1962. Alors que l’Église catholique s’apprête à lancer son aggiornamento en réunissant le Concile Vatican II, des ouvriers italiens s’activent sur un tout autre chantier dans le plus petit État du monde: la modernisation d’un système de chauffage devenu très obsolète. En creusant dans la cour du Belvédère, les terrassiers tombent sur un os. Puis une grande dent. Rapidement, on découvre que ces fragments de squelette appartiennent, à la surprise de tous, à un pachyderme qu’on a enterré là, au beau milieu du Vatican.

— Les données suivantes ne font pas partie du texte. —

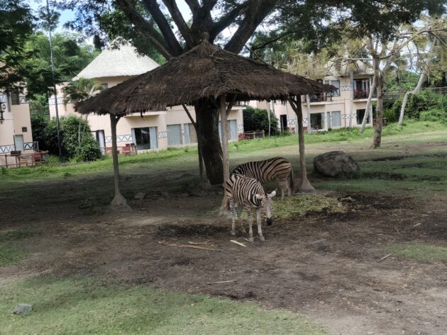 Zona de safari este impartita in diverse parcele, separate intre ele prin garduri de pana la 10m inaltime, in jurul habitatului carnivorelor. Aici gasim zona carnivorelor, unde putem admira lei, tigri si ursi in semi-libertate, respectiv zona ierbivorelor, unde isi fac veacul o serie intreaga de antilope, girafe, bivoli africani, rinoceri, zebre si alte mamifere din aceeasi familie, aceastea avand la dispozitie o suprafata impresionanta.

Silvio Bedini, historien américain intrigué par cette affaire, va mener une longue enquête pour comprendre comment un éléphant a pu arriver jusqu’ici. En 1997, il sort un ouvrage qui raconte la fabuleuse histoire d’Hanno, un éléphant venu d’Inde jusqu’au cœur de Rome.

Un cadeau diplomatique

Bien évidemment, cet éléphant blanc n’a pas atterri par hasard dans la Ville éternelle. Il est offert en guise de cadeau diplomatique par Manuel Ier, souverain du Portugal, au pape Léon X, en 1514. À cette époque, le Portugal souhaite consolider sa domination sur le commerce des épices et sur la route des Indes, et soigne donc ses relations diplomatiques. Pour féliciter le fils de Laurent de Médicis pour son élection au trône de saint Pierre – et se faire bien voir de ce grand amateur d’arts et de fêtes – le royaume lusitanien envoie une panoplie de présents, en particulier une dizaine d’animaux rares… dont le jeune pachyderme venu d’Inde.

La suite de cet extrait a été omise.